Fissures Inside Ukraine Government, Explained

We talked to Taras Kuzio of University of Alberta and Sasha Borovik, a deputy of the Odessa governor.
“Crotch-groping” fights, water-throwing arguments and a public war of words inside the Ukrainian government are all damaging for public relations image of Ukraine abroad, Taras Kuzio, senior fellow at the Canadian Institute of Ukrainian Studies, University of Alberta, warns Hromadske. Sitting next to Sasha Borovik, a deputy of the Odessa governor, Kuzio warns him as well by saying that Mikheil Saakashvili’s team has chosen the wrong man for their corruption attacks. It is not Prime-Minister Arseniy Yatsenyuk they should publicly challenge, but their own boss President Poroshenko: “the responsibility of fighting corruption in Ukraine is not in hands of Prime-Minister Yatsenyuk, it is in hands of President Poroshenko. He wants to be in charge of the Prosecutor General’s office, he wants to be able to control the prosecutor, he wants to control the Security Service of Ukraine, then take the responsibility!”, Kuzio says by adding that the Ukrainian president shows unwillingness to fight corruption in his own country.

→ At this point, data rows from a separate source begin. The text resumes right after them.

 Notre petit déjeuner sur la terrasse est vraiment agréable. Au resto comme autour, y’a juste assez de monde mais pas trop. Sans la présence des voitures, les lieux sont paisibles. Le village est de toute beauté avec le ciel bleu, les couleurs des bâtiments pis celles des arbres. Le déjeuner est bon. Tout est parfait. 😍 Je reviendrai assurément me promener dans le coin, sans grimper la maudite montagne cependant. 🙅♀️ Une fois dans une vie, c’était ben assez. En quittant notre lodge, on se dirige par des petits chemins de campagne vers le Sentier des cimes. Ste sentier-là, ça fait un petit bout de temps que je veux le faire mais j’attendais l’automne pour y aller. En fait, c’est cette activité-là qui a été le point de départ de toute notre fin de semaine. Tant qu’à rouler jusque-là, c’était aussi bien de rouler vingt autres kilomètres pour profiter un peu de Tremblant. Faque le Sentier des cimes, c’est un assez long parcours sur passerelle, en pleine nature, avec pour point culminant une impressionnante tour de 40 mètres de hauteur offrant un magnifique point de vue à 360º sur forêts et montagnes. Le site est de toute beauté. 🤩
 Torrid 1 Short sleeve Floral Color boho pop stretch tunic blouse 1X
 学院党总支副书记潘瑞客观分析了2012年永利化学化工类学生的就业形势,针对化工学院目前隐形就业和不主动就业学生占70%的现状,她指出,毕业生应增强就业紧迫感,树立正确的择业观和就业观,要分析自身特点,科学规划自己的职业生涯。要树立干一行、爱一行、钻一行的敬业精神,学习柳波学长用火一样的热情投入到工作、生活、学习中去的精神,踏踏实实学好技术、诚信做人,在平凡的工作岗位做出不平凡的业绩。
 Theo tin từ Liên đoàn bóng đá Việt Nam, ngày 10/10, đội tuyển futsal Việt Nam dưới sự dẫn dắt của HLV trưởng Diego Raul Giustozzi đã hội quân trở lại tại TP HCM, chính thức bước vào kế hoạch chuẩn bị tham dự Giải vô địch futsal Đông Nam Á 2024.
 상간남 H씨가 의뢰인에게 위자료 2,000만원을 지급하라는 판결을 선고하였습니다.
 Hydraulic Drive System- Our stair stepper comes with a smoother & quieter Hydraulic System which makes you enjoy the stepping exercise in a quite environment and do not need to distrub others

Defending the factual base of corruption allegations against Prime Minister Yatsenyuk, Borovik says that those corrupt connections, uncovered by his team, control ‘75% of the Ukrainian GDP, and the Ukrainian prime-minister controls those schemes’. At the same time, the Odessa governor’s office struggles to get necessary governmental support to launch an official investigation into those allegations, according to Borovik.
When challenged why does he think it is a job of a regional governor to be so heavily involved into national matters, instead of doing his job at provincial level, Borovik points out, that many problems in different regions are connected to corrupt central government in Kyiv, so you need to change things there first. Answering the question does it mean that Governor Saakashvili is aiming at prime-minister’s job himself, Borovik says: “Saakashvili team is ready to step up and take responsibilities, in case they will have such opportunity.”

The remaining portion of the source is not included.